* Goal of the exercise:
Below is a listing; write it out exactly and drop any images from it.

* Information shown:
────────

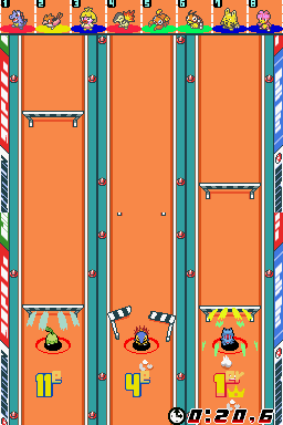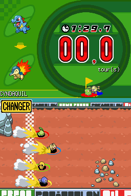 Cette épreuve consiste à faire une course de relais contre vos adversaires sur un terrain avec des obstacles. Faites glisser votre stylet vers la droite pour faire courir vos Pokémon et esquiver les obstacles.
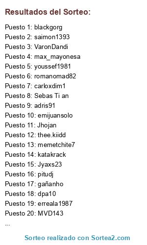 Lista de participantes: jorgetkd, varomt, Jaime, dpa10, blackgorg, monto rs, xFearlessY, Ajnoi, mono80, carloxdim1, thee.kiidd, Pabliiin, Xavi, Fran94, ismajimva, romanomad82, pitudj, ega_david, erreala1987, juampi, Kolorin, adris91, Wolverine_rms, carlillospalo, memetchite7, Julio, saimon1393, superuce, emijuansolo, Jhojan, Sebas Ti an, julianhr, gañanho, VaronDandi, katakrack, max_mayonesa, juniorcodema, Jyaxs23, MVD143, youssef1981.
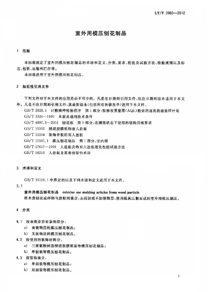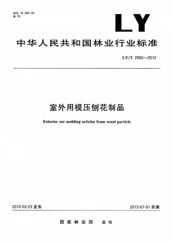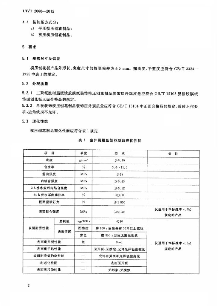 LY/T 2060-2012 室外用模压刨花制品
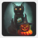Pegatina Cuadrada Gato de vampiros y mago calabaza Halloween Surreal

────────

* Exercise output:
 Cette épreuve consiste à faire une course de relais contre vos adversaires sur un terrain avec des obstacles. Faites glisser votre stylet vers la droite pour faire courir vos Pokémon et esquiver les obstacles.
 Lista de participantes: jorgetkd, varomt, Jaime, dpa10, blackgorg, monto rs, xFearlessY, Ajnoi, mono80, carloxdim1, thee.kiidd, Pabliiin, Xavi, Fran94, ismajimva, romanomad82, pitudj, ega_david, erreala1987, juampi, Kolorin, adris91, Wolverine_rms, carlillospalo, memetchite7, Julio, saimon1393, superuce, emijuansolo, Jhojan, Sebas Ti an, julianhr, gañanho, VaronDandi, katakrack, max_mayonesa, juniorcodema, Jyaxs23, MVD143, youssef1981.
 LY/T 2060-2012 室外用模压刨花制品
Pegatina Cuadrada Gato de vampiros y mago calabaza Halloween Surreal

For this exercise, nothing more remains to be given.